The purpose of this study is to determine whether intravenous immune globulin is safe and effective in the acute treatment of pain crises in sickle cell disease. Funding Source: Food and Drug Administration (FDA), Office of Orphan Products Development (OOPD)

Conditions

  • Sickle Cell Disease
  • Pain

Eligibility

Eligible Ages
Between 12 Years and 65 Years
Eligible Genders
All
Accepts Healthy Volunteers
No

Inclusion Criteria

  • Documented diagnosis of sickle cell disease (SS or S-β thalassemia genotype) - Age 12-65 years for Phase 1 (Completed), 6-13.99 years for Phase 2 (Ongoing) - Uncomplicated acute pain episode requiring hospital admission and parenteral narcotics

Exclusion Criteria

  • Increased stroke risk as assessed by transcranial Doppler or magnetic resonance imaging (all subjects undergo testing) - Concomitant acute process, including fever > 38.5° C with clinical suspicion of infection - Increased ALT > 2X ULN - Serum creatinine ≥1.3 mg/dL, >300 mg/dL protein in spot urinalysis, or known condition associated with renal dysfunction - Hb > 10 g/dL and Hct > 30% - Hb< 5 g/dl - Known IgA deficiency or known allergy to gamma globulin - Pregnancy or breastfeeding - Vaccination with a live attenuated virus in the preceding 6 weeks - Documented history of illicit (eg. heroin, cocaine) drug abuse or drug-seeking behavior - Current participation in another investigational drug study - Current treatment with chronic transfusion - Prior thromboses or current estrogen use

Study Design

Phase
Phase 1/Phase 2
Study Type
Interventional
Allocation
Randomized
Intervention Model
Parallel Assignment
Primary Purpose
Treatment
Masking
Quadruple (Participant, Care Provider, Investigator, Outcomes Assessor)

Arm Groups

ArmDescriptionAssigned Intervention
Experimental
Immune Globulin Intravenous
IVIG used in the trial is the GAMUNEX brand, at doses up through 800 mg/kg in Phase 1 and at 400mg/kg in Phase 2.
  • Drug: Immune Globulin Intravenous
    A single dose of intravenous immune globulin or saline placebo administered within 24 hours of hospital presentation.
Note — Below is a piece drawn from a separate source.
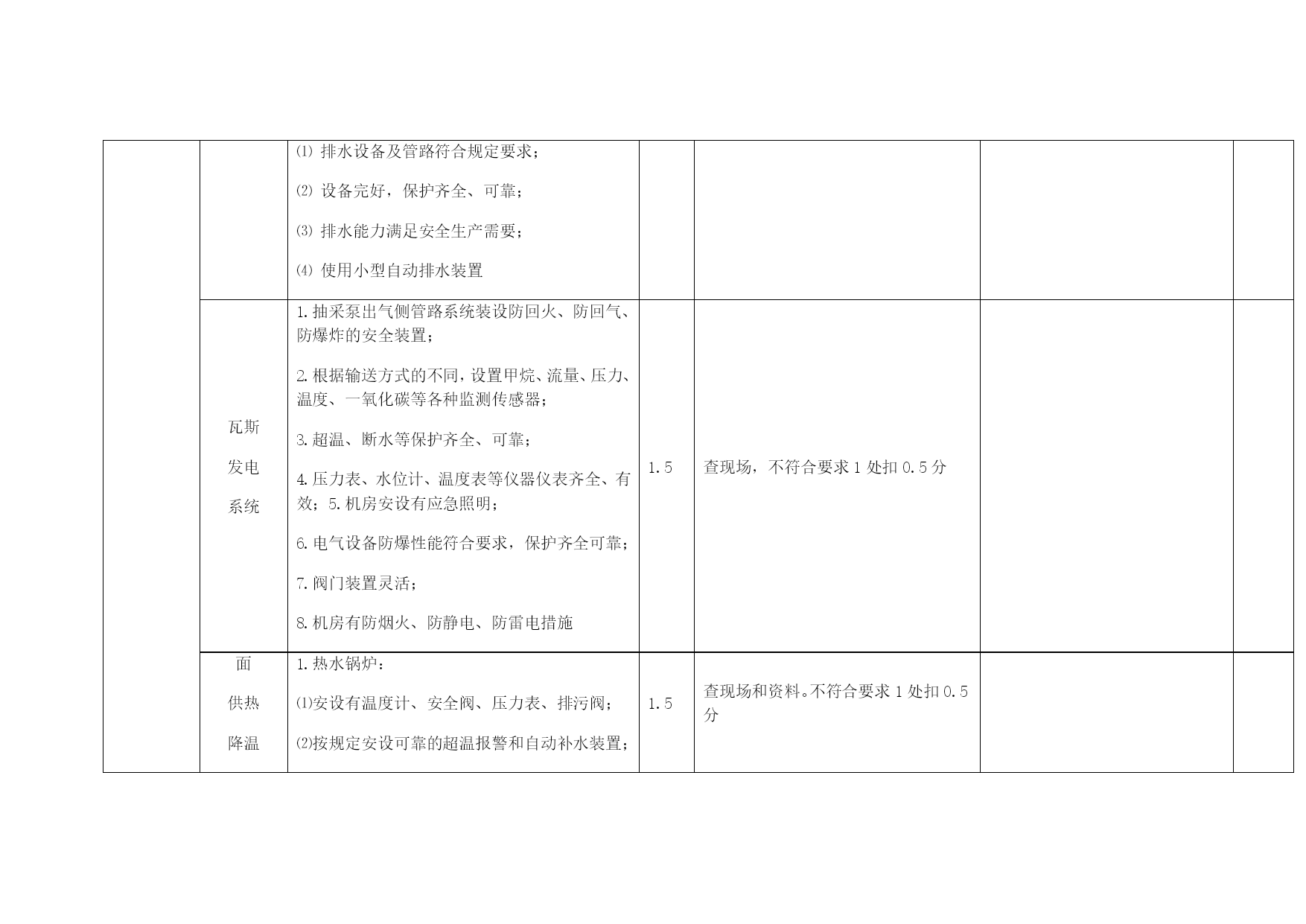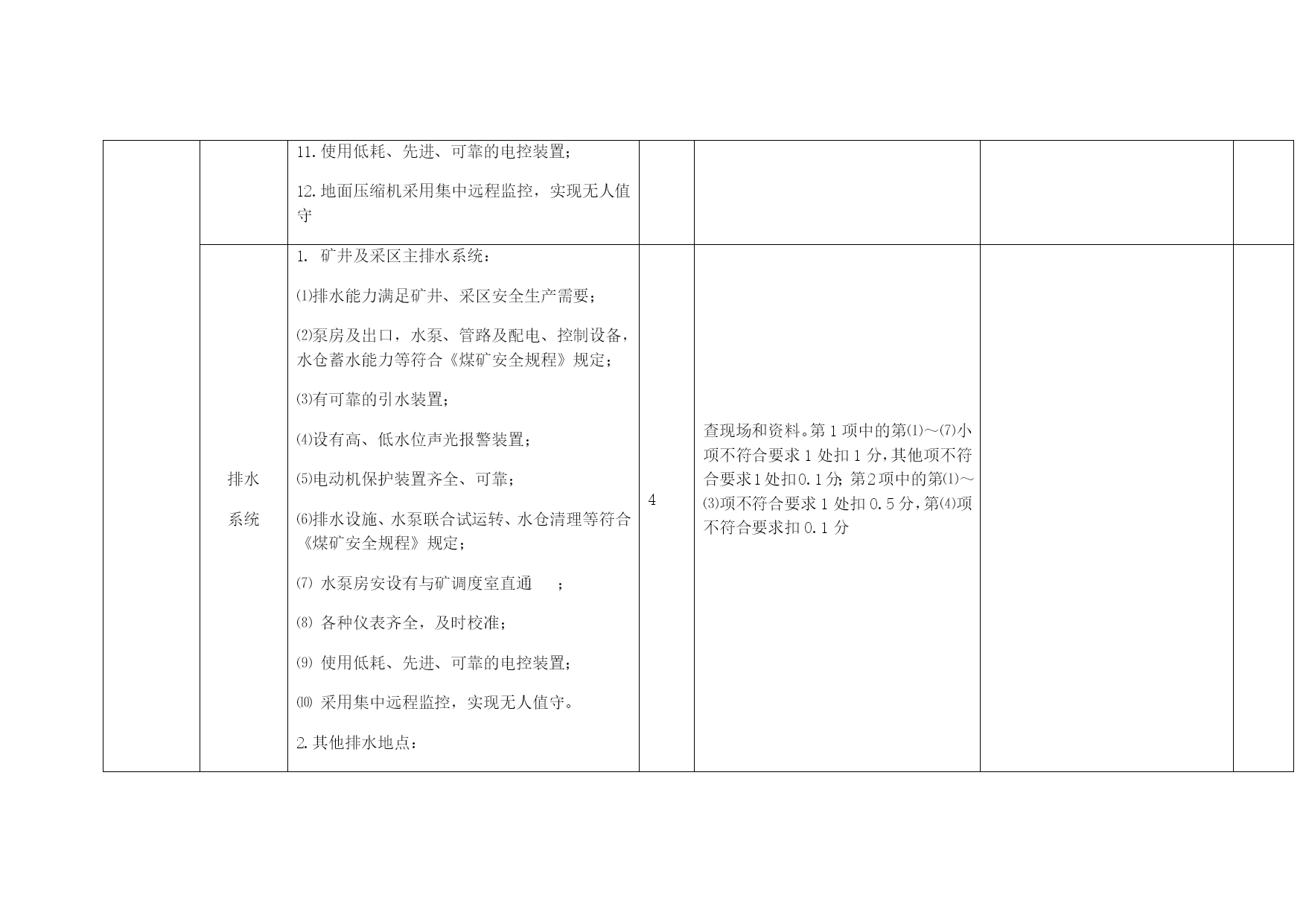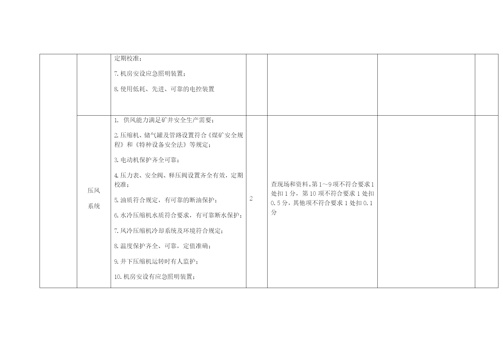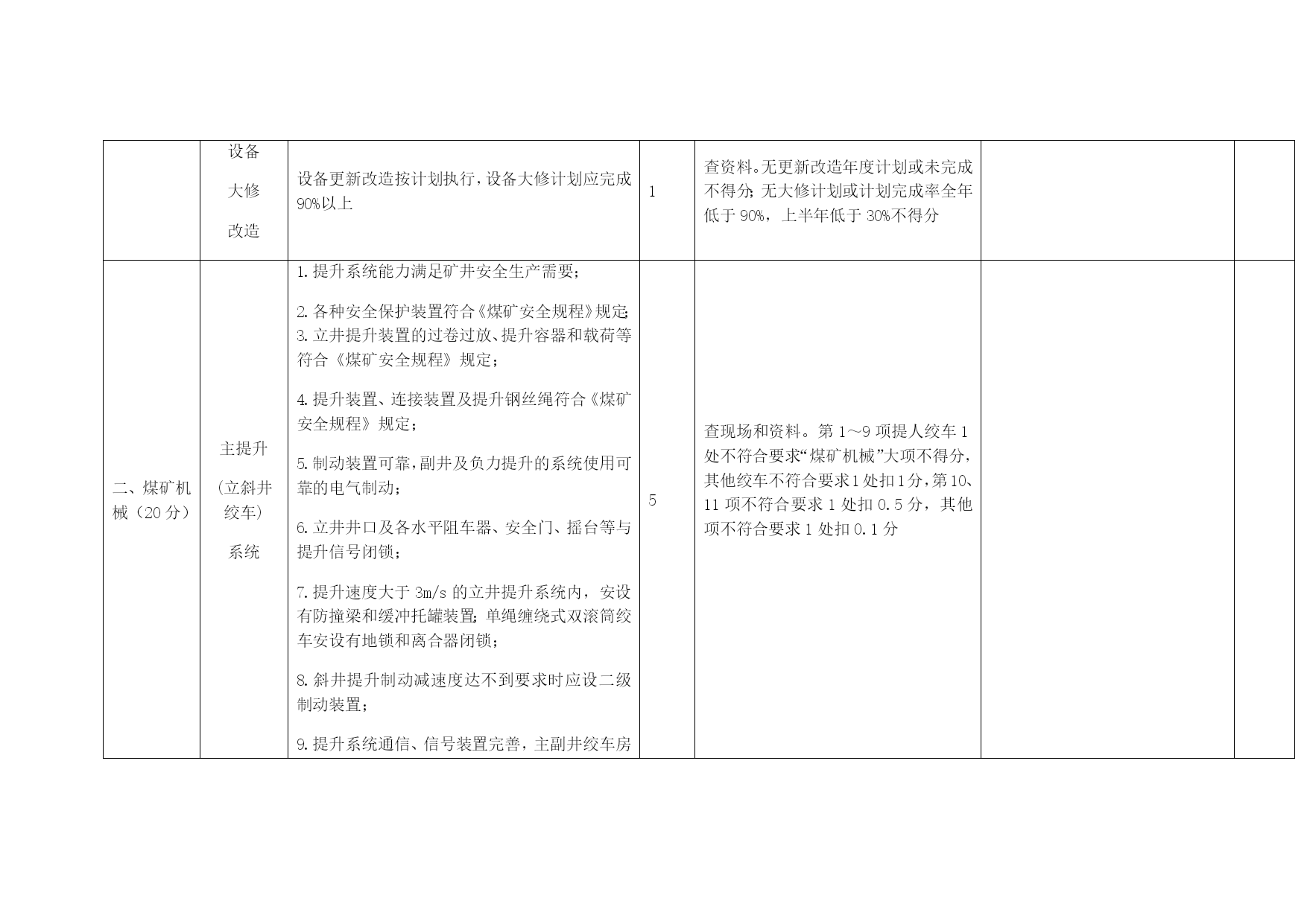 机电运输安全生产标准化验收评分表最新文档(可以直接使用,可编辑最新文档,欢迎下载)煤矿机电安全生产标准化评分表检查单位:专业得分:评定等级:检查时间:检查人:项目项目内容基本要求标准分值评分方法扣分原因得分一、设备与指标(15分)设备证标1.机电设备有产品合格证;2.纳入安标管理的产品有煤矿矿用产品安全标志,使用地点符合规定;3.防爆设备有防爆合格证4查现场和资料。1台不符合要求不得分设备完好机电设备综合完好率不低于90%3查现场和资料。每降低1个百分点扣0.5分固定设备大型在用固定设备完好2查现场和资料。1台不完好不得分小型电器小型电器设备完好率不低于95%1.5查现场和资料。每降低1个百分点扣0.5分矿灯在用矿灯完好率100%,使用合格的双光源矿灯。完好矿灯总数应多出常用矿灯人数的10%以上1.5查现场和资料。井下发现1盏红灯扣0.3分,1盏灭灯、不合格灯不得分,完好矿灯总数未满足要求不得分机电事故率机电事故率不高于1%1查资料。机电事故率达不到要求不得分设备待修率设备待修率不高于5%1查现场和资料。设备待修率每增加1个百分点扣0.5分设备大修改造设备更新改造按计划执行,设备大修计划应完成90%以上1查资料。无更新改造年度计划或未完成不得分;无大修计划或计划完成率全年低于90%,上半年低于30%不得分二、煤矿机械(20分)主提升(立斜井绞车)系统1.提升系统能力满足矿井安全生产需要;2.各种安全保护装置符合《煤矿安全规程》规定;3.立井提升装置的过卷过放、提升容器和载荷等符合《煤矿安全规程》规定;4.提升装置、连接装置及提升钢丝绳符合《煤矿安全规程》规定;5.制动装置可靠,副井及负力提升的系统使用可靠的电气制动;6.立井井口及各水平阻车器、安全门、摇台等与提升信号闭锁;7.提升速度大于3m/s的立井提升系统内,安设有防撞梁和缓冲托罐装置;单绳缠绕式双滚筒绞车安设有地锁和离合器闭锁;8.斜井提升制动减速度达不到要求时应设二级制动装置;9.提升系统通信、信号装置完善,主副井绞车房有能与矿调度室直通;10.上、下井口及各水平安设有摄像头,机房有视频监视器;11.机房安设有应急照明装置;12.使用低耗、先进、可靠的电控装置;13.主井提升宜采用集中远程监控,可不配司机值守,但应设图像监视,并定时巡检5查现场和资料。第1~9项提人绞车1处不符合要求“煤矿机械”大项不得分,其他绞车不符合要求1处扣1分,第10、11项不符合要求1处扣0.5分,其他项不符合要求1处扣0.1分主提升(带式输送机)系统1.钢丝绳牵引带式输送机:⑴运输能力满足矿井、采区安全生产需要,人货不混乘,不超速运人;⑵各种保护装置符合《煤矿安全规程》规定;⑶在输送机全长任何地点装设便于搭乘人员或其他人员操作的紧急停车装置;⑷上、下人地点设声光信号、语音提示和自动停车装置,卸煤口及终点下人处设有防止人员坠入及进入机尾的安全设施和保护;⑸上、下人和装、卸载处装设有摄像头,机房有视频监视器;⑹输送带、滚筒、托辊等材质符合规定,滚筒、托辊转动灵活,带面无损坏、漏钢丝等现象;⑺机房安设有与矿调度室直通;⑻使用低耗、先进、可靠的电控装置;⑼采用集中远程监控,实现无人值守4查现场和资料。第⑴~⑸项提人带式输送机1处不符合要求扣4分,其他带式输送机1处不符合要求扣1分,第⑹、⑺项1处不符合要求扣0.5分,其他项1处不符合要求扣0.1分2.滚筒驱动带式输送机:⑴运输能力满足矿井、采区安全生产需要;⑵电动机保护齐全可靠;⑶装设有防滑、防跑偏、防堆煤、防撕裂和输送带张紧力下降保护装置,以及温度、烟雾监测和自动洒水装置;⑷上运运输机装设防逆转和制动装置,下运运输机装设有软制动装置且装设防超速装置;⑸减速器与电动机采用软连接或采用软启动控制,液力偶合器不使用可燃性传动介质(调速型液力偶合器不受此限);⑹输送带、滚筒、托辊等材质符合规定,滚筒、托辊转动灵活,带面无损坏、漏钢丝等现象;⑺倾斜井巷使用的钢丝绳芯输送机有钢丝绳芯及接头状态检测装备;⑻钢丝绳芯输送机设有沿线紧急停车、闭锁装置,装、卸载处设有摄像头;⑼机头、机尾及搭接处设有照明,转动部位设有防护栏和警示牌,行人跨越处设有过桥;⑽连续运输系统安设有连锁、闭锁控制装置,沿线安设有通信和信号装置;⑾集中控制硐室安设有与矿调度室直通;⑿使用低耗、先进、可靠的电控装置;⒀采用集中远程监控,实现无人值守查现场和资料。第⑴~⑻项不符合要求1处扣1分,第⑼~⑾项不符合要求1处扣0.5分,其他项不符合要求1处扣0.1分主通风机系统1.主要通风机性能满足矿井通风安全需要;2.电动机保护齐全、可靠;3.使用在线监测装置,并且具备通风机轴承、电动机轴承、电动机定

The maximum dose in Phase I was 800 mg/kg. The dose for Phase II is 400mg/kg.
    Other names:
    • GAMUNEX (Talecris Biotherapeutics)
Placebo Comparator
Normal saline
An equivalent volume (weight-based)of normal saline
  • Other: Normal saline
    A single dose of normal saline administered within 24 hours of hospital admission for uncomplicated pain crisis.
    Other names:
    • Placebo

Recruiting Locations

Montefiore Medical Center
Bronx, New York 10467
Contact:
Deepa G Manwani, MD
718-741-2342
dmanwani@montefiore.org

More Details

Status
Recruiting
Sponsor
Deepa Manwani

Study Contact

Deepa G Manwani, M.D
718-741-2342
dmanwani@montefiore.org

Detailed Description

Patients will be randomized to a single dose of IVIG versus normal saline placebo during an uncomplicated pain crisis. Length of VOC and other secondary endpoints will be monitored.